The Joy of Work
- Author: Scott Adams
- Publication date: 1998
- ISBN: 0887308716

= The Joy of Work =

1998 nonfiction book by Scott Adams

The Joy of Work (1998) by Scott Adams is a two-part book. The first part offers recommendations as to how office workers can find happiness at their cubicle desks and the second part is a formula for creating humor, based on the author's experience penning the Dilbert comic strip.

==Synopsis==
The title is a comic reference to the 1972 sex manual The Joy of Sex. The first part of the book explains "how to find happiness at the expense of your co-workers", including how to deal with superiors, meetings and co-workers and how to avoid work while having fun; an entire chapter is devoted to office pranks. The second part is an analysis of humor and how to write funny material. Adams writes, "The third part of the book is made entirely out of invisible pages. If the book seems heavier than it looks, that's why."

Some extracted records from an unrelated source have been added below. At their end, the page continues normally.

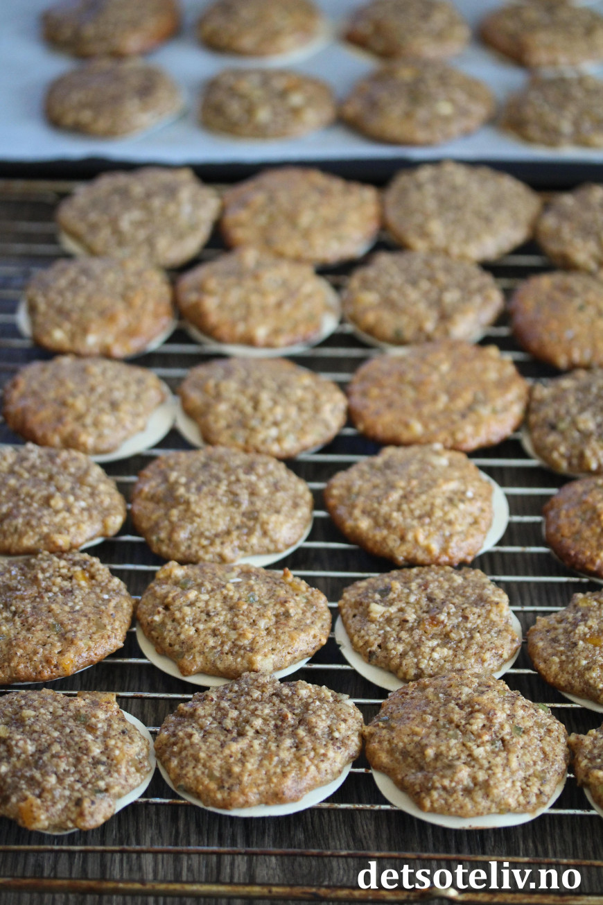 ♥ Legg de ferdige kakene i en kakeboks eller plastpose, og oppbevar dem kjølig slik at de ikke blir klissete. Kakene er kjempefine å fryse.
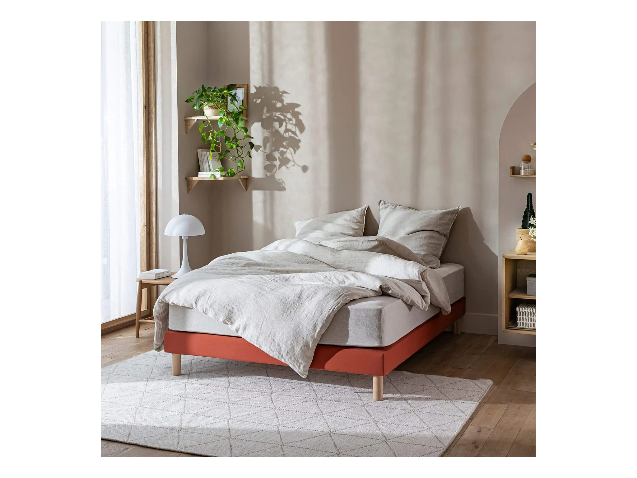 Cache-sommier bouclette intégral terracotta 160x200 - Boucletta
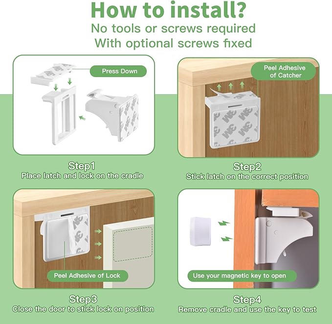 • [ 10 LOCKS + 2 KEYS ] Vkania magnetic cabinet locks are perfect for baby proofing cabinets and drawers. These child proof cabinet locks feature a strong magnetic design to keep curious toddlers and pets out. Easy to install with 3M adhesive—no tools, drilling, or holes required. Ideal for baby safety locks for cabinets in kitchens, bathrooms, and more.
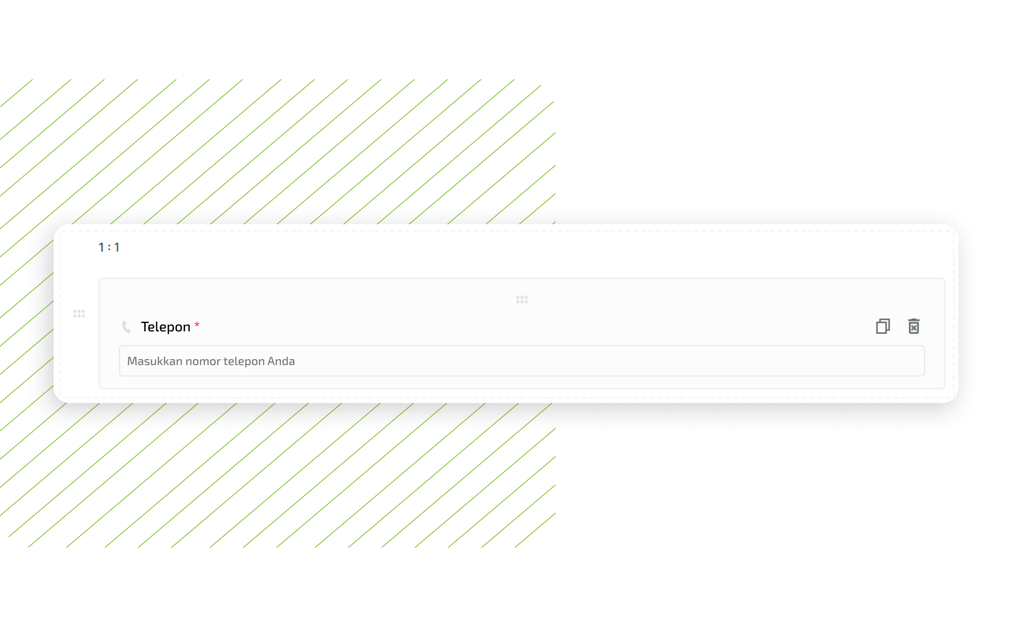 Pasang kolom "Nomor Telepon".Atur kolom: buat menjadi wajib diisi, aktifkan penggunaan mask input untuk memudahkan pengisian nomor.
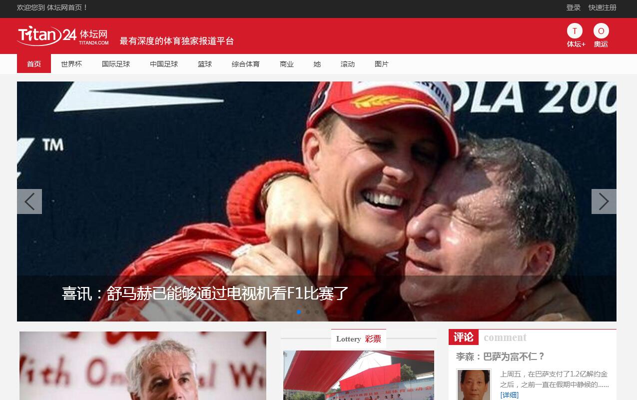| 网站简介: 体坛网(titan24.com)是体坛传媒集团旗下新成立的的体育网站,包括体育新闻、豪门官网、体坛e版、 体苑沙龙、体育动漫、体育游戏、无线体坛等大板块,旨在全方位整合集团旗下的报纸、杂志、 电视、3G手机等新、老媒体资源,打造全中国、全球华人圈最大的垂直体育门户网站。 |
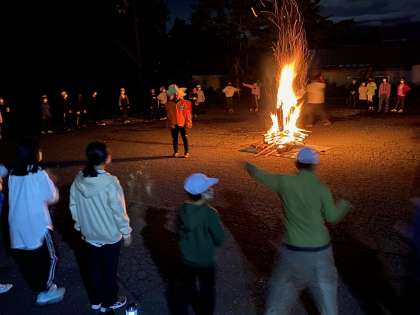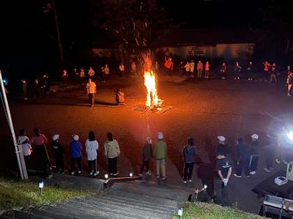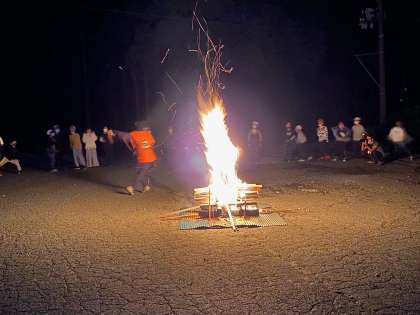 火の神『ひっちゃん』からいただいた火を囲み、キャンプファイヤーが始まりました。
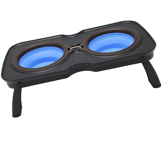 - 4everPet Bol pliabil ridicat pentru câini – Albastru și Gri închis, 700 ml + 700 ml, Portabil, Durabil și Practic pentru Acasă și Călătorii
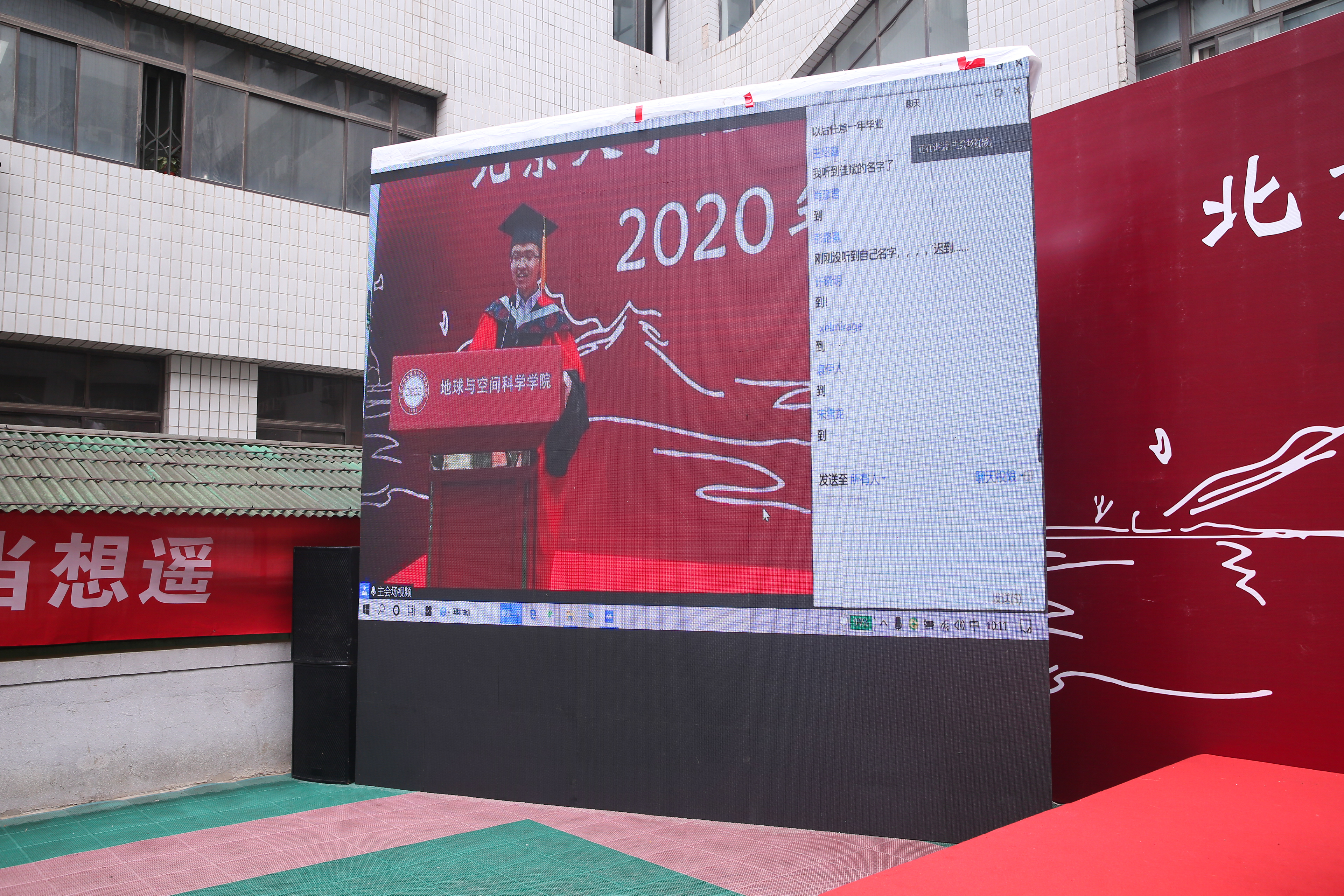 在典礼现场,公司为每一位未能返校的同学都摆放了座椅和名签,也专门设置了一面LED屏幕展示师生线上参与的情况,现场毕业生与线上师生通过现场大屏幕展示出来的聊天框实时互动,实现了无论身在何方,心都连在一起。
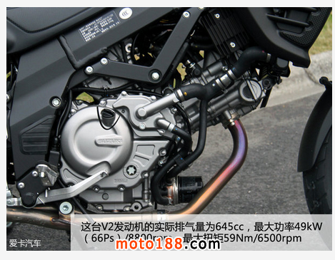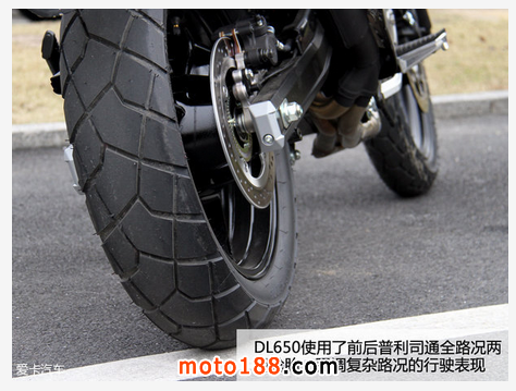 DL650動力方面采用一臺V2型雙缸DOHC8氣門水冷發動機,實際排氣量645cc,最大功率49kW(66Ps)/8800rpm,最大扭矩59Nm/6500rpm,與之配合的是6擋濕式傳動系統。輪胎采用普利司通復合型輪胎,提高了應對各種復雜路面的能力,規格為前110/80 R19、后150/70 R17的真空輪胎。
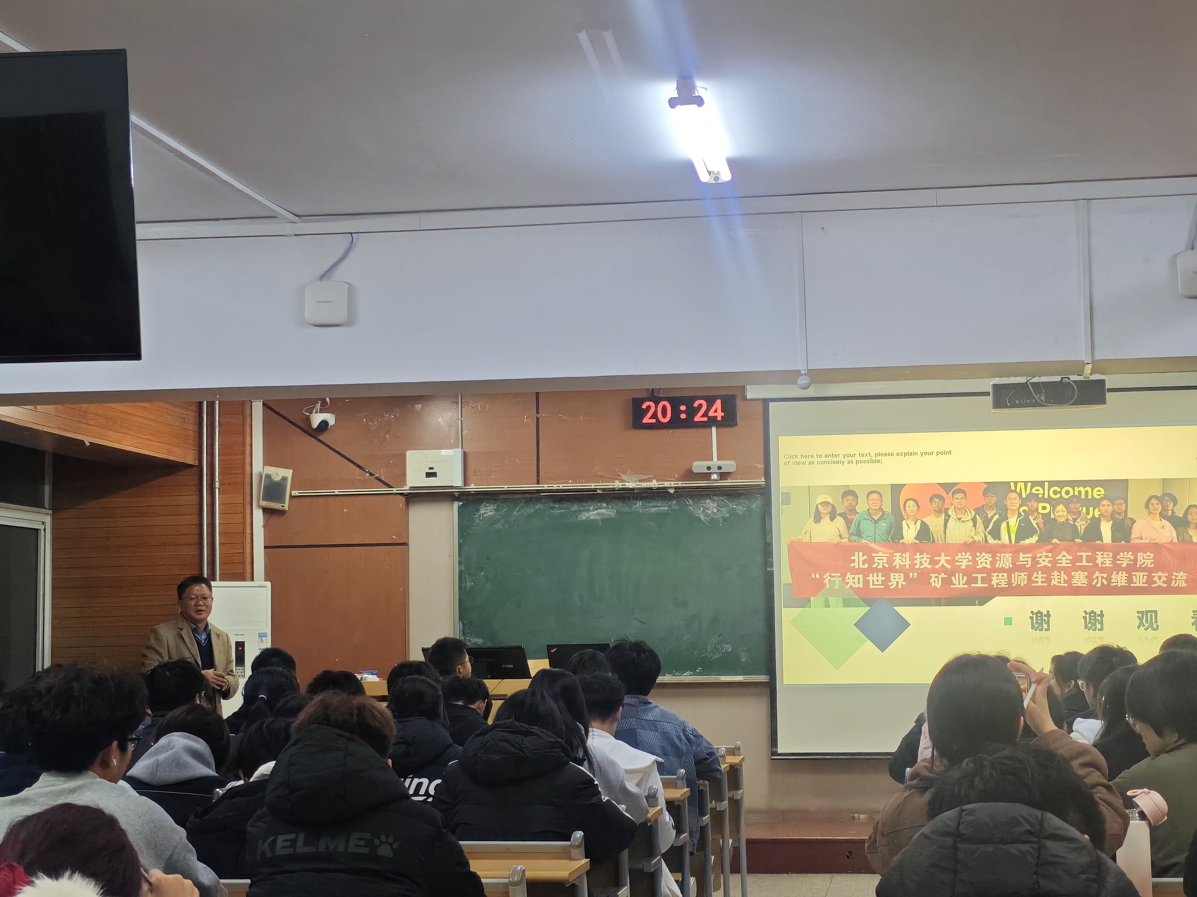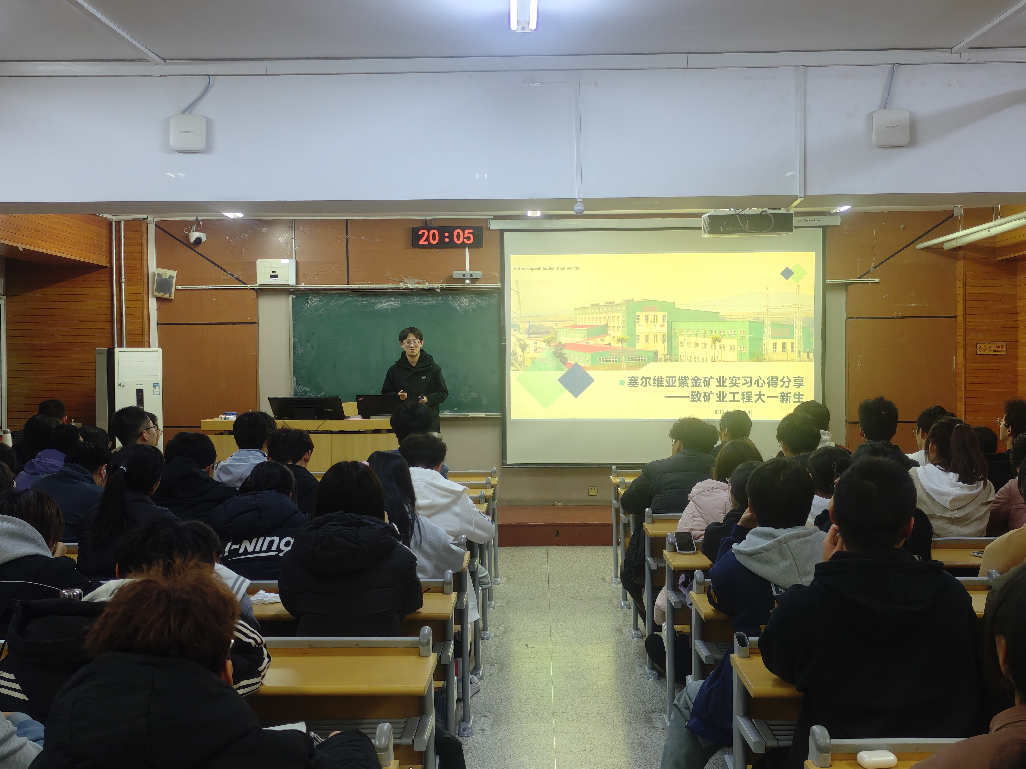 矿加242班沈小川以“行知世界-矿业工程学生赴塞尔维亚紫金矿业实习心得分享”为主题,从当地矿山工艺、人文风情讲到特色美食,以轻松幽默的语言描述了在异国实习的点点滴滴,他重点介绍了紫金矿业公司赴国外矿山工作员工的生活条件、休假制度、工资待遇和公司人文关怀等内容,极大激发了同学们对国际交流和毕业后赴国外矿山工作的热情。

The book includes a response to Norman Solomon, who attempted to depict Scott Adams as a proponent of downsizing in his 1997 book, The Trouble with Dilbert. People who were offended by certain Dilbert strips are also addressed, with Adams concluding that it is the "proximity" of sensitive subjects to negative concepts that causes "people who are angry for no good reason (nuts)" to take offense.